## Supplied records
* * *

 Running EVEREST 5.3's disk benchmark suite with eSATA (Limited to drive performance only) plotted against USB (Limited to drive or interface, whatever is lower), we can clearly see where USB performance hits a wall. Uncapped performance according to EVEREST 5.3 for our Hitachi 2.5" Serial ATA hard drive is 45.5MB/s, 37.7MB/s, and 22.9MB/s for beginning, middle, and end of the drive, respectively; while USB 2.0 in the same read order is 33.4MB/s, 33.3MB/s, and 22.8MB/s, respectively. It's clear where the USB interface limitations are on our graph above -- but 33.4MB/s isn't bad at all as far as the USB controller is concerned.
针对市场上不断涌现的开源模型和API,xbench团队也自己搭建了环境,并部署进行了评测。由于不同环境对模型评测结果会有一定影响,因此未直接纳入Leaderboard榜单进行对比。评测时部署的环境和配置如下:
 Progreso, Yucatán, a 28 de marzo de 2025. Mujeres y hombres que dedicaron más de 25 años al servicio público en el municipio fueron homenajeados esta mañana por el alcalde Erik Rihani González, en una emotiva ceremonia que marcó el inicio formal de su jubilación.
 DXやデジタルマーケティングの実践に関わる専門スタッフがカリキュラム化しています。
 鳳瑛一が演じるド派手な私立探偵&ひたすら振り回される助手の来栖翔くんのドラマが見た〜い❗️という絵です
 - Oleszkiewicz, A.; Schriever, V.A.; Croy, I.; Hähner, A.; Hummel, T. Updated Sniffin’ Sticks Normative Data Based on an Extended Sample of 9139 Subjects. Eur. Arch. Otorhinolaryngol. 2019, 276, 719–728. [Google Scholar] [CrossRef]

* * *

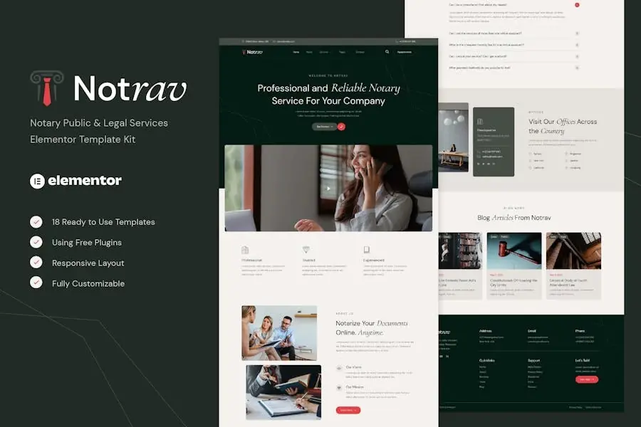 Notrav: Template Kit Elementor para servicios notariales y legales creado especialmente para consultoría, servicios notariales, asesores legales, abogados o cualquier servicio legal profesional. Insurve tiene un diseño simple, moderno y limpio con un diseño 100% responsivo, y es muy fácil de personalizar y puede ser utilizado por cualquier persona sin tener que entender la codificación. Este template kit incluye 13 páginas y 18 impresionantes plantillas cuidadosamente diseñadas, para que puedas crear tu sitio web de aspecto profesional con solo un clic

* * *

## Aim of the task
Go to the line in the material above that contains "Progreso, Yucatán, a" and copy exactly from there through the line that contains "- Oleszkiewicz, A.;", stopping after it.

## Answer to this exercise
 Progreso, Yucatán, a 28 de marzo de 2025. Mujeres y hombres que dedicaron más de 25 años al servicio público en el municipio fueron homenajeados esta mañana por el alcalde Erik Rihani González, en una emotiva ceremonia que marcó el inicio formal de su jubilación.
 DXやデジタルマーケティングの実践に関わる専門スタッフがカリキュラム化しています。
 鳳瑛一が演じるド派手な私立探偵&ひたすら振り回される助手の来栖翔くんのドラマが見た〜い❗️という絵です
 - Oleszkiewicz, A.; Schriever, V.A.; Croy, I.; Hähner, A.; Hummel, T. Updated Sniffin’ Sticks Normative Data Based on an Extended Sample of 9139 Subjects. Eur. Arch. Otorhinolaryngol. 2019, 276, 719–728. [Google Scholar] [CrossRef]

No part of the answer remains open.